◆ Source data
....

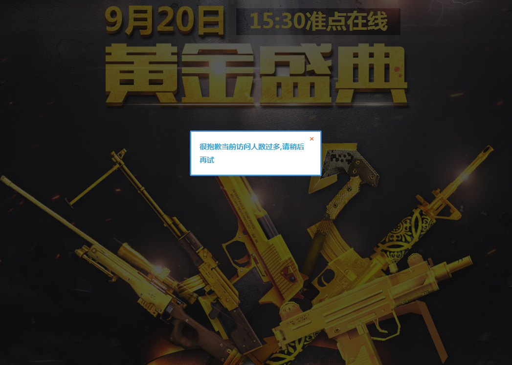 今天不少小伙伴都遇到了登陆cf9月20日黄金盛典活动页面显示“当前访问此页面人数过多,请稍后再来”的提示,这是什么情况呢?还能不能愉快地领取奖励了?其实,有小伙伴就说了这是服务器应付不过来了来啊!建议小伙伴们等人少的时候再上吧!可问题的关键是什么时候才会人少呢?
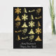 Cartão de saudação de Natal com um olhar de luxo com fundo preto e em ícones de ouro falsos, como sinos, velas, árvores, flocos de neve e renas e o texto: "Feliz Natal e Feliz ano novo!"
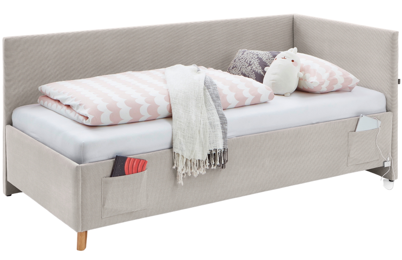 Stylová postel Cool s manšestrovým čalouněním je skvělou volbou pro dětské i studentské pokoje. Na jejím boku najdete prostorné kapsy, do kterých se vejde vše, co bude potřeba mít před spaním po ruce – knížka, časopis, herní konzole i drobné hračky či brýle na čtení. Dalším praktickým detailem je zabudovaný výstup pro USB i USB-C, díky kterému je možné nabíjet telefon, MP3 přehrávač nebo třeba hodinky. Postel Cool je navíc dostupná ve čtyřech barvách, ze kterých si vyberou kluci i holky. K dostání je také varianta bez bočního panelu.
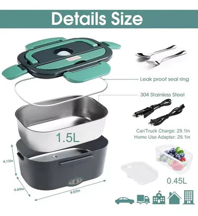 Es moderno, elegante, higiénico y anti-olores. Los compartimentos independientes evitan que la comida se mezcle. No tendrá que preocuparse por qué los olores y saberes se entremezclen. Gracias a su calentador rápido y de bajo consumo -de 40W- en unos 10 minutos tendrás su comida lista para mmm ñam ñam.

....

◆ Required action
The response is to contain exactly the lines from the beginning of the data through the line containing "Cartão de saudação", both ends included, and nothing else; omit the pictures.

◆ Answer space
 今天不少小伙伴都遇到了登陆cf9月20日黄金盛典活动页面显示“当前访问此页面人数过多,请稍后再来”的提示,这是什么情况呢?还能不能愉快地领取奖励了?其实,有小伙伴就说了这是服务器应付不过来了来啊!建议小伙伴们等人少的时候再上吧!可问题的关键是什么时候才会人少呢?
 Cartão de saudação de Natal com um olhar de luxo com fundo preto e em ícones de ouro falsos, como sinos, velas, árvores, flocos de neve e renas e o texto: "Feliz Natal e Feliz ano novo!"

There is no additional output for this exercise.